• Supplied material:
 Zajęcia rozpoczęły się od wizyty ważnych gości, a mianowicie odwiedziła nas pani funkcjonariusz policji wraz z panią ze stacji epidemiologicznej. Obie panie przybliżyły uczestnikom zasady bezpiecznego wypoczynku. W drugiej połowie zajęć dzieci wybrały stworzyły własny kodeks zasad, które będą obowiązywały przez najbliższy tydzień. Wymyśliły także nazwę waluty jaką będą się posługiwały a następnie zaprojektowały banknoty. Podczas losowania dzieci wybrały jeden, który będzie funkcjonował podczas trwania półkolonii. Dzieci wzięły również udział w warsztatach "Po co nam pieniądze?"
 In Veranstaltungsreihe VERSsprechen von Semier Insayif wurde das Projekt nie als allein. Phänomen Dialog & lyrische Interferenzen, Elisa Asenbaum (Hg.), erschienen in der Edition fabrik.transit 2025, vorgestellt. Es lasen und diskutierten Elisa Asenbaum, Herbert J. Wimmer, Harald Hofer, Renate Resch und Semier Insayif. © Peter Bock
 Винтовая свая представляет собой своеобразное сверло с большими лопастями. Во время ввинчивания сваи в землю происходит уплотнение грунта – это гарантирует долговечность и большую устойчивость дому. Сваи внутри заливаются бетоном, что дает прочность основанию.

• What you have to do: Repeat word for word from the line holding "In Veranstaltungsreihe VERSsprechen" down to the last line above, including both.

• Answer box:
 In Veranstaltungsreihe VERSsprechen von Semier Insayif wurde das Projekt nie als allein. Phänomen Dialog & lyrische Interferenzen, Elisa Asenbaum (Hg.), erschienen in der Edition fabrik.transit 2025, vorgestellt. Es lasen und diskutierten Elisa Asenbaum, Herbert J. Wimmer, Harald Hofer, Renate Resch und Semier Insayif. © Peter Bock
 Винтовая свая представляет собой своеобразное сверло с большими лопастями. Во время ввинчивания сваи в землю происходит уплотнение грунта – это гарантирует долговечность и большую устойчивость дому. Сваи внутри заливаются бетоном, что дает прочность основанию.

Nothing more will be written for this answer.